EGF up-regulates both protein and mRNA not only for uPAR, but also for the ligand uPA and its inhibitor PAI-1. Cell surface uPAR, in control as well as EGF-stimulated cells, is present only in the intact, not the cleaved, form. Ligand binding experiments showed an increase of endogenously occupied uPAR, whereas non-occupied receptor sites were not increased. In addition, EGF treatment resulted in decreased degradation of radiolabeled uPA:PAI-1 complex. This suggests decreased internalization of uPAR, since the complex is internalized together with uPAR. Like EGF, colchicine, which inhibits endocytosis, increased cell surface expression of uPAR. In addition, we found an immediate increase of uPAR after exposing the cells to EGF and this was accompanied by a transient increase of cell migration. The increase of cell surface uPAR in response to EGF is accompanied by increased release of the soluble form of uPAR (suPAR) to the medium as well as by increased cell migration. Both uPAR and suPAR increased in cells treated with the endocytosis inhibitor colchicine even though cell migration was inhibited, suggesting that the mechanism of uPAR shedding is not related to cell migration.
Increased cell surface uPAR in response to EGF stimulation results from mobilization of uPAR from detergent-resistant domains, increased expression of uPAR mRNA, and decreased internalization and degradation of uPAR. Both the anti-uPAR antibody R3, which inhibits binding of uPA, and the EGFR phosphorylation inhibitor Iressa inhibited cell migration in response to uPA as well as to EGF, suggesting that EGFR and uPAR are engaged in the same multiprotein assembly on the cell surface.
表皮生长因子受体(EGFR)在恶性卵巢肿瘤组织中表达,且EGFR的组织含量与卵巢癌患者的不良预后直接相关。尿激酶型纤溶酶原激活物(uPA)系统在细胞周围蛋白水解、细胞迁移和侵袭中起作用,且在卵巢癌中过表达。本研究探讨了表皮生长因子(EGF)对卵巢癌细胞系OVCAR-3中uPAR表达的影响。

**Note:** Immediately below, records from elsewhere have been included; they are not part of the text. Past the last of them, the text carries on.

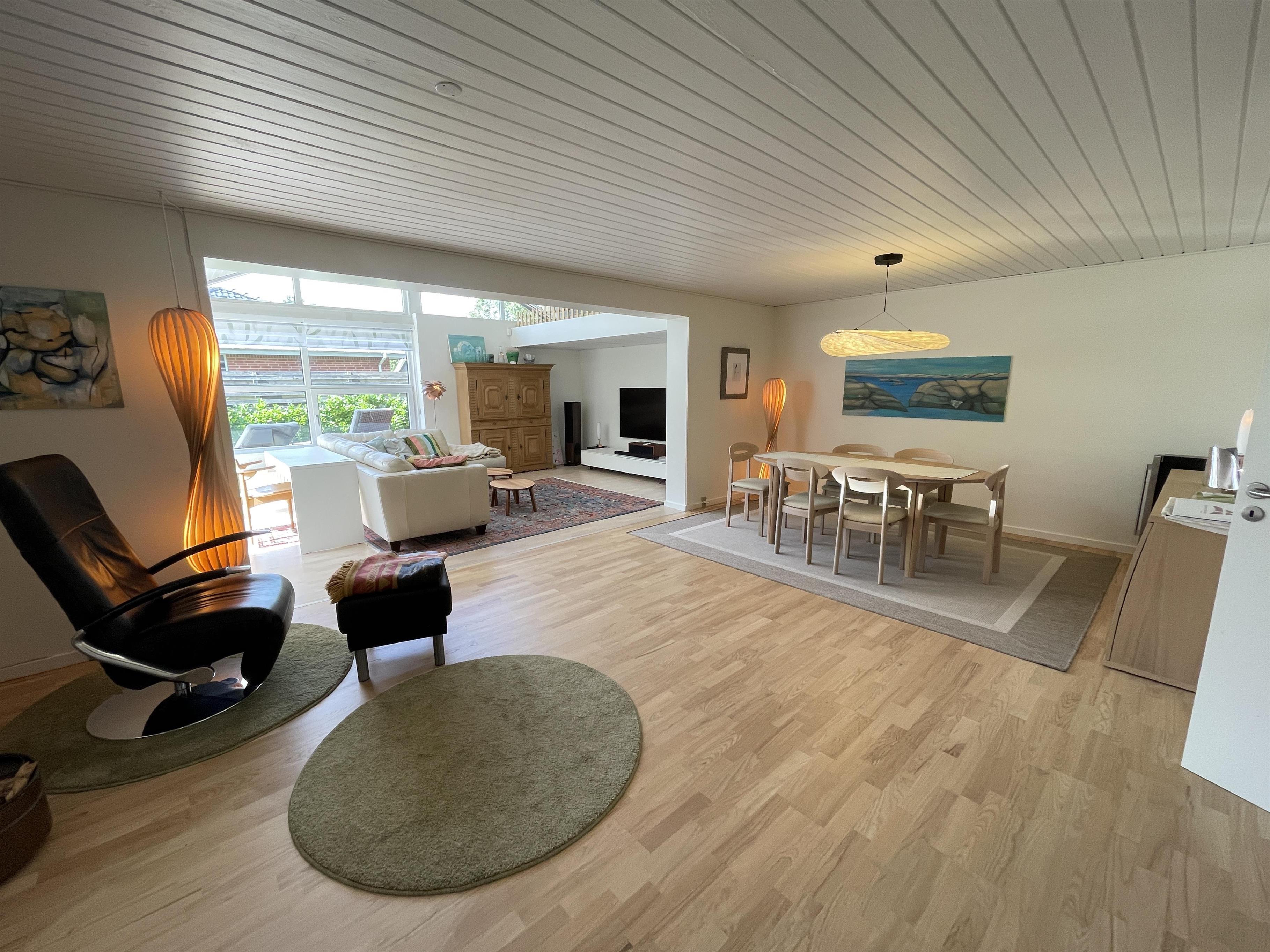 Das Haus liegt in einem charmanten Wohnviertel mit sowohl Strand als auch Wald in der Nähe. Hier gibt es gute Möglichkeiten zum Radfahren oder Spazierengehen über Pfade bis ins Zentrum von Sæby, das mit vielen Geschäften, Cafés und Restaurants eine lebendige Innenstadt bietet. Hier finden Sie auch die Algade, die exklusivste Straße der Stadt, mit kleinen gelben Häusern, Bauernrosen, Kirche und vielen verschiedenen Kunsthandwerkern mit offenen Werkstätten, die Sie und Ihre Familie erleben oder daran teilnehmen können. Die Kirche ist ein Überbleibsel eines Klosters aus dem Jahr 1470 und hat einige wunderschöne Fresken, die vor wenigen Jahren von Konservatoren des Nationalmuseums restauriert wurden. Am Ende dieser Straße liegt der Hafen mit den lokalen Booten, einem aktiven Vereinsleben und im Sommer mit zahlreichen Freizeitsegelbooten und Wohnmobilen.
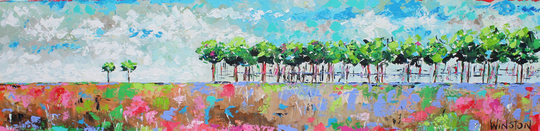 Winston Wiant is originally from Amelia Island, Florida, and full of southern charm. She brings her whimsical and witty delight to each and every painting. Having painted since childhood, she received a Bachelor of Arts degree in Studio Art at Brenau University and has been pursuing her love of art ever since. Her paintings are full of texture, using the palette knife and free brushstrokes to layer the paint, creating one energetic piece after another. She lives in Athens, GA, with her husband and two daughters and paints in her home studio. “Art to me is a form of self-expression. The way I feel that day reflects in my work. My love of bold color and texture is both distinctive and captivating.”
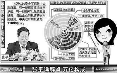 对于在两会上对“4万亿”投资结构进行调整的原因,张平解释说,这是在听取了专家、地方和部门以及社会舆论等方方面面的意见后,调整了去年的初步方案,形成了现在这个新的结构。
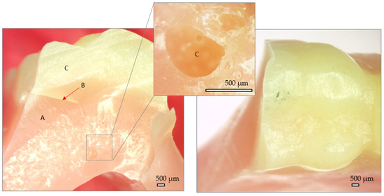 Stereo fractography of injected denture. A—denture base, B—Interface between denture base and artificial tooth, C—artificial tooth.
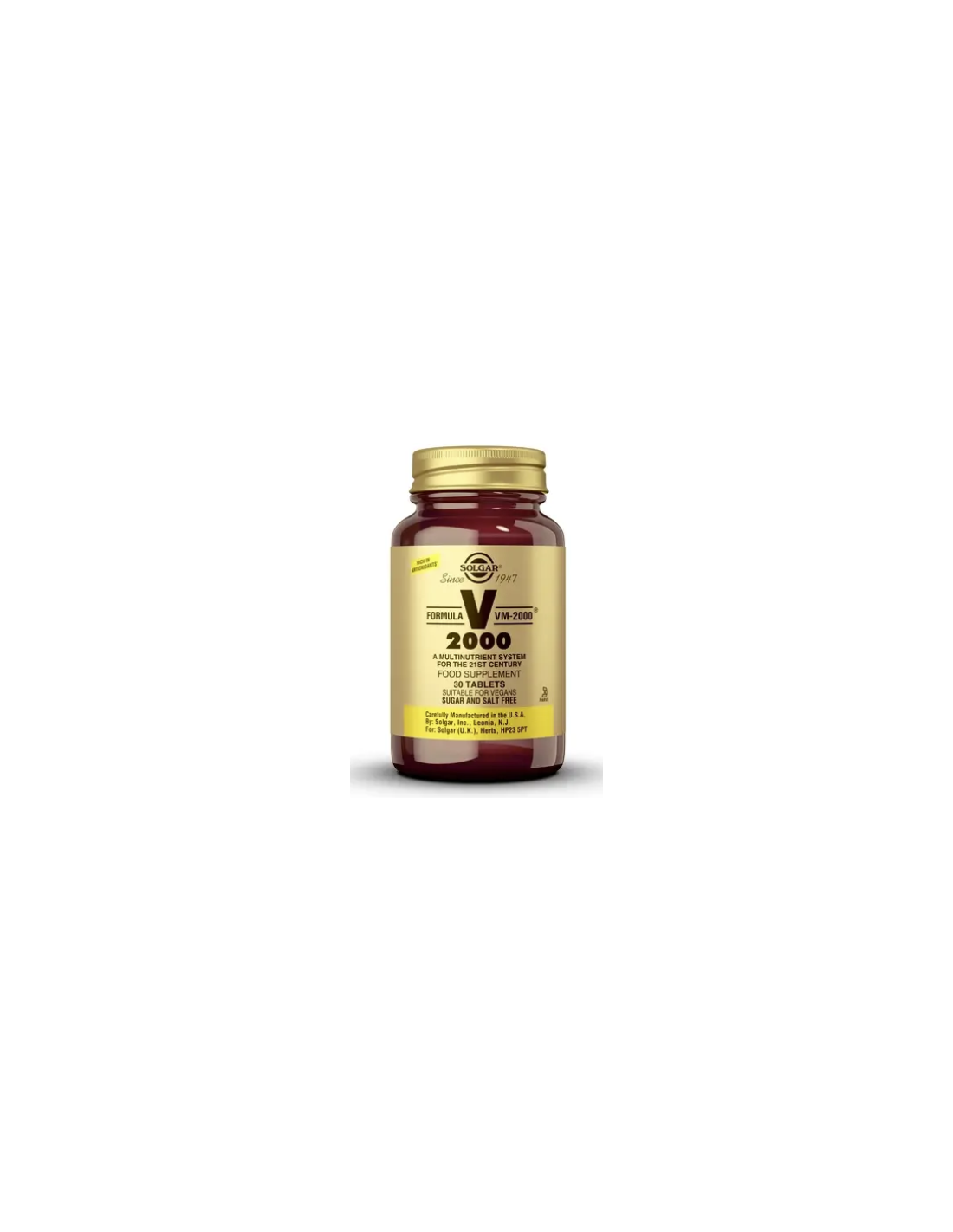Solgar VM-2000 este un complex multivitaminic și mineral de înaltă calitate, care oferă 47 de ingrediente esențiale — vitamine, minerale, aminoacizi și extrase botanice — într-o formulă premium concepută pentru susținerea energiei, imunității și protecției celulare. (Variantă de 30 tablete)
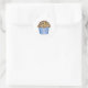Pegatinas presentan un original ilustracion de marca de un muffin de arándano fresco sobre un fondo azul. ¡Un delicioso desayuno!

我们使用OVCAR-3细胞并采用以下方法:细胞迁移试验、延时视频显微镜观察、实时聚合酶链反应(PCR)、125I-uPA细胞结合试验及125I-uPA:PAI-1复合物细胞降解试验、用35S-蛋氨酸进行生物合成标记、蛋白质印迹法、RNA印迹法以及uPA、PAI-1和uPAR的酶联免疫吸附测定(ELISA)。
EGF不仅上调uPAR的蛋白和信使核糖核酸(mRNA)水平,还上调配体uPA及其抑制剂PAI-1的蛋白和mRNA水平。在对照细胞以及EGF刺激的细胞中,细胞表面的uPAR仅以完整形式存在,而非裂解形式。配体结合实验表明内源性占据的uPAR增加,而未占据的受体位点未增加。此外,EGF处理导致放射性标记的uPA:PAI-1复合物降解减少。这表明uPAR的内化减少,因为该复合物与uPAR一起被内化。与EGF一样,抑制内吞作用的秋水仙碱增加了uPAR的细胞表面表达。此外,我们发现细胞暴露于EGF后uPAR立即增加,同时细胞迁移短暂增加。EGF刺激引起的细胞表面uPAR增加伴随着uPAR可溶性形式(suPAR)向培养基中的释放增加以及细胞迁移增加。在用内吞作用抑制剂秋水仙碱处理的细胞中,尽管细胞迁移受到抑制,但uPAR和suPAR均增加,这表明uPAR脱落的机制与细胞迁移无关。
EGF刺激导致细胞表面uPAR增加是由于uPAR从抗去污剂结构域动员、uPAR mRNA表达增加以及uPAR内化和降解减少所致。抑制uPA结合的抗uPAR抗体R3和EGFR磷酸化抑制剂易瑞沙均抑制了细胞对uPA以及EGF的迁移反应,这表明EGFR和uPAR参与了细胞表面相同的多蛋白组装。